Joe would gift Sam the annual premiums. At Joe's death Sam
would buy Success Co.'s 199 shares from Joe's estate for $4
million. Plan #2. Success Co. would own the $4 million in
life insurance keyman insurance and would redeem the 199
shares from Joe's estate. In the end, the final results
would be exactly the same: Sam would own 100 percent of
Success Co. and the estate would have $4 million in cash
instead of $4 million in stock.

First, the good news:

(1) Joe's estate would owe no income tax on the sale of the
stock. Why?... Because the estate would get a raised basis
equal to the fair market value of the 199 shares on the
date of Joe's death.

(2) No estate tax because the $4 million of insurance
proceeds will wind up in Mary's trust and receive the
benefits of the 100 percent tax-free marital deduction.

Sounds pretty good. Joe loved it.

Yes, it is a good plan. Certainly better than no plan at
all. As a matter of fact, either of the plans outlined
above""or some variations""is the most popular way of
transferring a business to the next generation.

Now the bad news: two problems always cause us to turn
thumbs down on any such plan:

(1) Joe's team of professional advisors forgot that Mary
did not need the income that would be produced by the $4
million of insurance proceeds. The other $6 million of
assets owned by Joe is more than enough to take care of her
lifestyle needs.

(2) When Mary passes on, the IRS is guaranteed a big
payday; 55% of the $4 million, that's right, the IRS will
get $2.2 million and the family only $1.8 million.

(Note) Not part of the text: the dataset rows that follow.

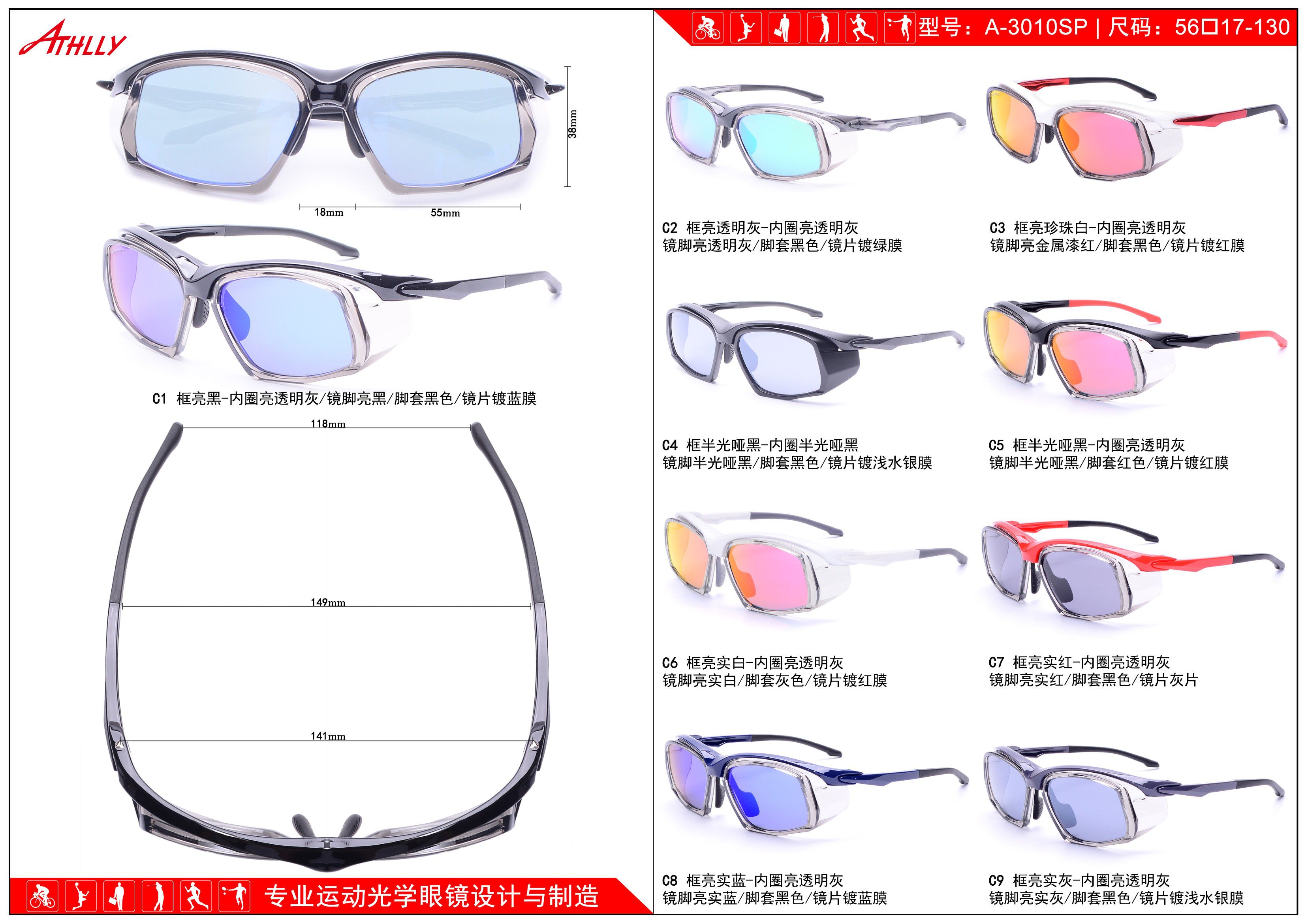 Оправа спортивная пластиковая для велосипедистов и активного отдыха с солнцезащитными линзами Athlly A-3010SP (скидки см. в таблице)
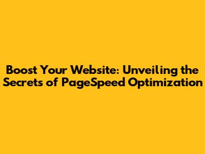 Boost Your Website: Unveiling The Secrets Of PageSpeed Optimization
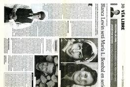 Blanca Lewin será María L. Bombal en serie [artículo] / Leonardo Robles. El Mercurio (Diario : Valparaíso, Chile)-- nov. 26, 1986, p. 2. .
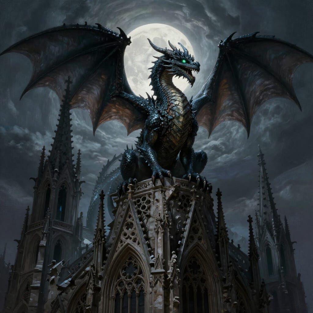 A majestic ancient dragon with obsidian scales rests on a gothic cathedral spire under ethereal moonlight. Highly detailed digital art with atmospheric lighting and dramatic shadows.

Plus a huge undeserved bonus to the IRS of 55% of the
after-income tax balance on the income in(1) above, which
is explained in the following paragraph. An outrage!

Continuing with (2) above, watch this tax disaster unfold.
Mary is a healthy 53-year old with a normal life expectancy
to age 83. Her grandparents, on both sides, all lived to
age 92 or older. Good genes.

Mary's mom and dad are in their late 70s, healthy and lead
an active lifestyle. Let's say Mary lives to age 85. That's
32 years of earnings on the $4 million in her trust. Let's
use a conservative after-tax earnings of 4%. Have you any
idea of how much that $4 million will grow to in those 32
years? Would you believe $16 million?... Really that's the
number.

And what do you think the IRS's bite would be?... An
amazing $8.8 million.

Lousy planning! Yet, that's the way most business owners,
on the advice of their professionals, do it. What should
you do when your facts are the same or similar to Joe's
facts?

Here's the four-step plan put in place for Joe:

Step #1. Success Co. elected S corporation status. We
recapitalized the company so Joe wound up with 99.5 percent
of the voting stock"100 shares"(So Joe could keep control
of Success Co. for as long as he lived.) Then, Joe sold the
non-voting stock "19,900 shares" to an intentionally
defective trust (IDT). The non-voting stock, under the tax
law, is allowed to take various discounts. So, the value of
the Success Co. stock Joe sold to the IDT, for tax
purposes, was only $2.4 million (actually almost all
profit, because Joe started Success Co. 31 years ago with
$12,000, most of it borrowed.) The IDT trust is a wonderful
creature under the tax law that allows Joe to collect the
entire $2.4 million (plus interest) tax-free. Also, the
IDT takes Success Co. out of Joe's estate, avoiding another
big tax loss to the IRS.

Step #2. We initiated a strategy called retirement plan
rescue (RPR), using the $950,000 in the profit-sharing
plan, to acquire a $4 million second-to-die life insurance
policy on Joe and Mary. We created an irrevocable life
insurance trust (ILIT) to own this policy. Because of the
RPR and the ILIT, none of the $4 million in insurance
proceeds will be subject to income tax or estate tax. Every
penny will be tax-free.

Step #3. Joe decided to invest a portion of the funds in
the profit-sharing plan in senior settlements (SS) to help
pay the life insurance premiums in Step #2. SS earn an
average of 15.82% per year without market risk (created by
a public company that sells on the NASDAQ).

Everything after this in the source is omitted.